La cumbre del volcán Villarrica se alza a 2.847 metros sobre el nivel del mar, una altitud moderada que, sin llegar a los rangos de la alta montaña extrema, ya es suficiente para desencadenar respuestas fisiológicas reales y medibles. Frente a la menor disponibilidad de oxígeno, el cuerpo activa casi de inmediato una respuesta ventilatoria hipóxica —se respira más rápido y más profundo— y el gasto cardíaco y la frecuencia cardíaca aumentan para compensar; la aclimatación ventilatoria completa toma entre 5 y 7 días, y la respuesta eritropoyética —la producción de más glóbulos rojos— recién se manifiesta después de varios días a semanas de exposición sostenida.
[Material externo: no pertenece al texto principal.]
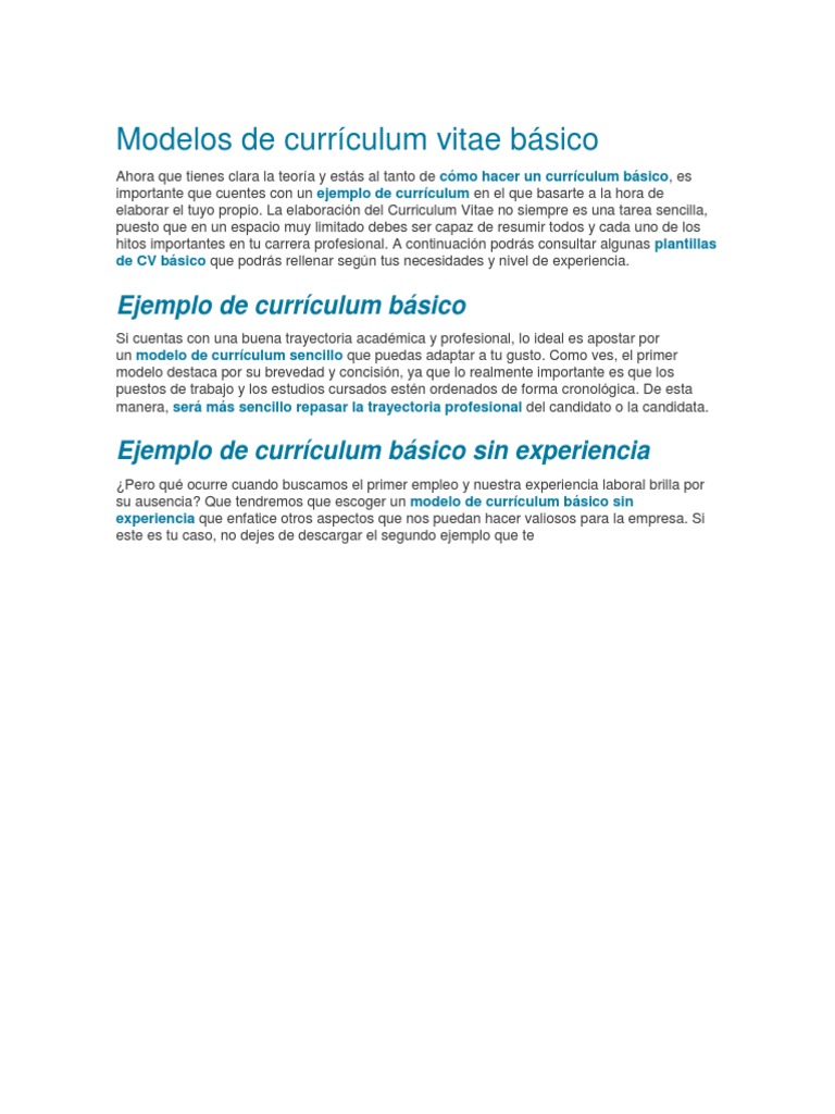 Modelos De Curriculum Vitae Basico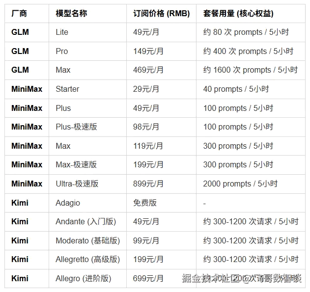 那正好了解下目前国内几家 Coding Plan 的内容,也方便大家对比。 本文仅涉及 GLM、Minimax、Kimi 3家自有产品的订阅套餐对比,像火山引擎、千问、无问芯穹类的综合套餐未加入对比。

Un estudio que analizó a excursionistas en la popular ruta al campamento base del Everest encontró cambios detectables en la metilación del ADN asociados a la aclimatización a la altura: evidencia de que incluso un trekking de varios días deja huellas medibles a nivel molecular. Otro estudio, realizado durante una expedición de trekking en altura en el Kilimanjaro, encontró que incluso pocos días de exposición, acompañados de una alimentación equilibrada, mejoraron el perfil lipídico en sangre de los participantes. El ascenso al Villarrica es una experiencia de un solo día, por lo que no genera la aclimatación completa que sí ocurre en expediciones más largas, pero sí somete al cuerpo a un desafío hipóxico real: una razón de peso para realizarlo siempre acompañado de guías certificados capaces de ajustar el ritmo y reconocer a tiempo cualquier señal de mala tolerancia a la altura.
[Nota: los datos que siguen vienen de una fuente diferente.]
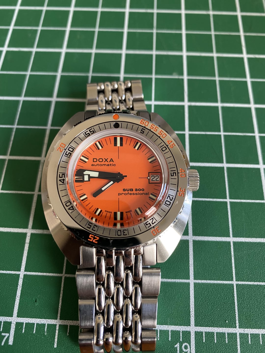For sale is my esteemed and loved Doxa 300 'retro model' with the domed crystal and metric no-deco dive time bezel. It's been fault-free and dependable since I've owned it (2021). The movement is an ETA, with 38h power reserve beating at 4.0 Hz. Stainless steel case, Diameter 42.50 mm x 45.00 mm, Height 13.40 mm, Screw-down crown, Water resistance 300 meters / 984 feet, stainless steel, screw down case back. On a polished steel Beads of Rice bracelet. The clasp has seen the most wear but it presents as patina rather than any actual damage or dings to the metal. It's a real-world workhorse. Two scuffs on the polished bezel from before I owned the watch. The pictures speak for themselves. Asking $1999 USD plus shipping. Paypal F&F only. "Full Kit" mentioned includes the following \-Outer Box, Inner zippered clamshell case \-2x aftermarket straps (uncle, strapco) \-All original links, booklet, warranty cards dated 2021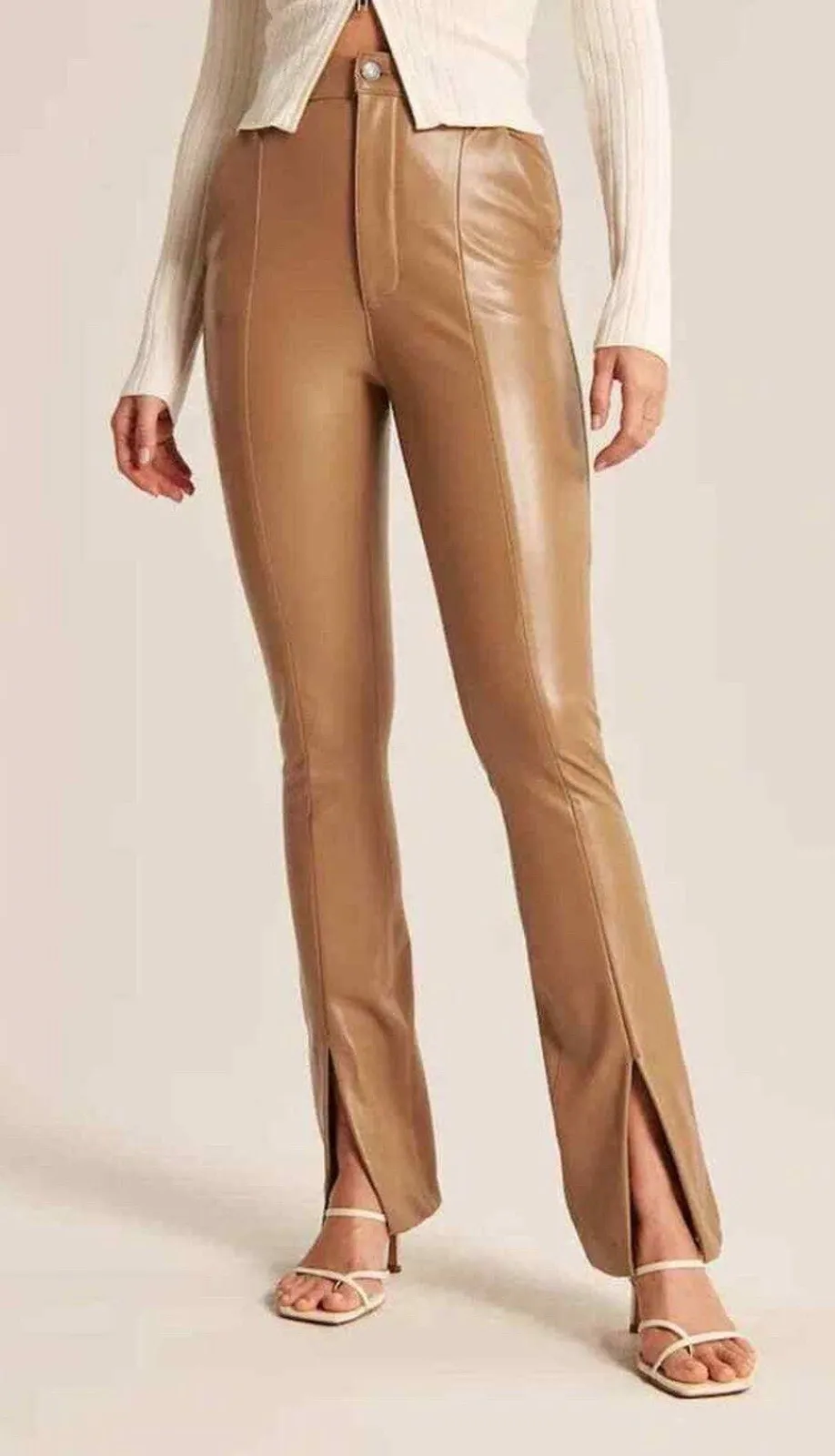 Abercrombie & Fitch Skinny Ultra High Rise Faux Leather Split Hem Pants in light camel brown, size 4... Show more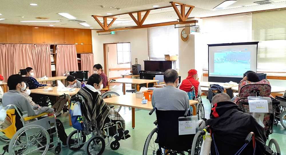 「どんなお店が来るのかな?」「何を食べようかしら?」と前々から楽しみにしていた村まつりに参加しました。当日はボランティアの方々のご協力もあり、皆さん思い思いのお買い物をし、購入した食べ物やお祭りバージョンのお昼ご飯をいただきました。また抽選会ではくじ引きに一喜一憂、大変盛り上がりました。ご家族の参加もありとても賑やかなお祭りとなりました。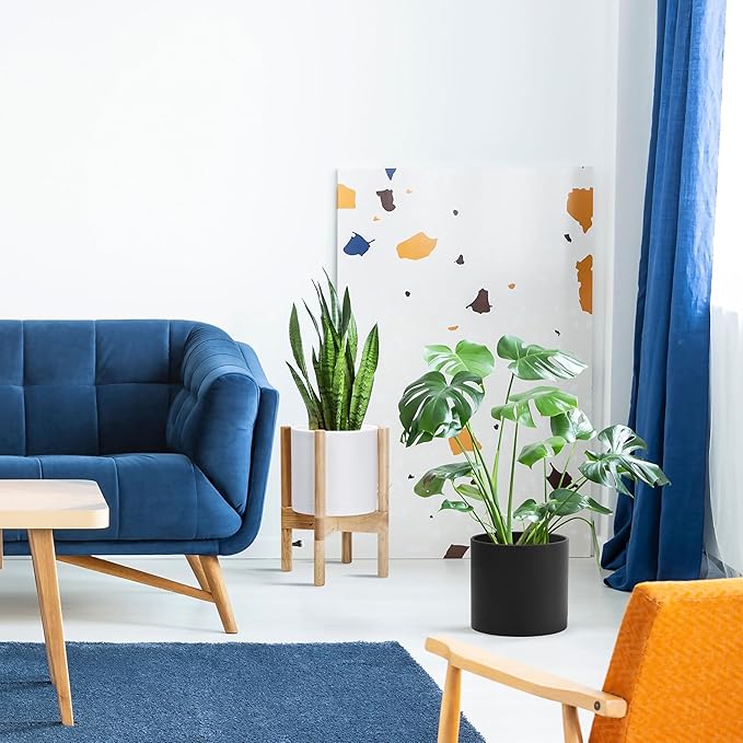 - A Complete Set: Minimalist plastic planter, combined with a sculptural, solid wood stand that match perfectly together and looks great in any home.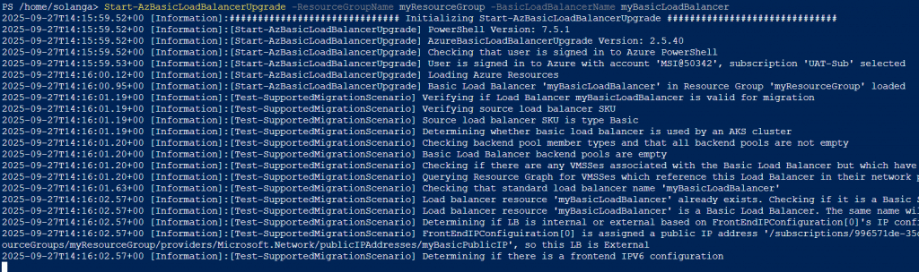 Once you're prepared, running the migration is surprisingly simple. The main command requires just the resource group and the name of your Basic Load Balancer.

Antes de calzarte las botas: cómo progresar con criterio

La evidencia es clara en un punto: los beneficios del trekking intenso dependen de que el cuerpo llegue preparado para la exigencia, no de improvisar sobre la marcha. Algunas pautas respaldadas por la literatura de medicina de montaña: progresa gradualmente, empezando por salidas más cortas y con menos desnivel antes de intentar una ascensión de jornada completa; mantén el peso de la mochila dentro de un rango razonable —las guías de montañismo suelen situarlo entre un 10% y un 20% del peso corporal para la mayoría de las personas— y ubica la carga lo más cerca posible de la espalda; hidrátate antes, durante y después, considerando que la pérdida de líquidos aumenta con el esfuerzo y la altitud; protégete del sol incluso en días nublados, ya que la radiación UV se intensifica con la altura; y si vives con una condición cardiovascular, respiratoria o articular, conversa con tu médico antes de planear una ruta con desnivel significativo, dado que, como muestra la evidencia revisada más arriba, la exigencia real de una misma pendiente puede variar mucho de una persona a otra.

En Newendo Pucón

En Newendo Pucón integramos el trekking de alta exigencia —como el ascenso guiado al cráter del volcán Villarrica, a 2.847 metros— con el mismo criterio que acabamos de revisar: guías de montaña certificados que ajustan el ritmo según la condición física real de cada persona, opciones de entrenamiento progresivo para quienes llegan a Pucón sin experiencia previa en altura, y jornadas de recuperación dentro de nuestro programa de Wellness para las horas posteriores al esfuerzo, precisamente cuando el cuerpo más lo necesita.

Subir con la mochila cargada, sentir el pulso acelerarse en la pendiente y bajar con las piernas que ya saben lo que se viene: eso es, en el lenguaje seco de la fisiología, una de las formas más completas de ejercicio que existen. La ciencia reciente no ha hecho más que confirmar, con números y biomarcadores, lo que el cuerpo ya intuía.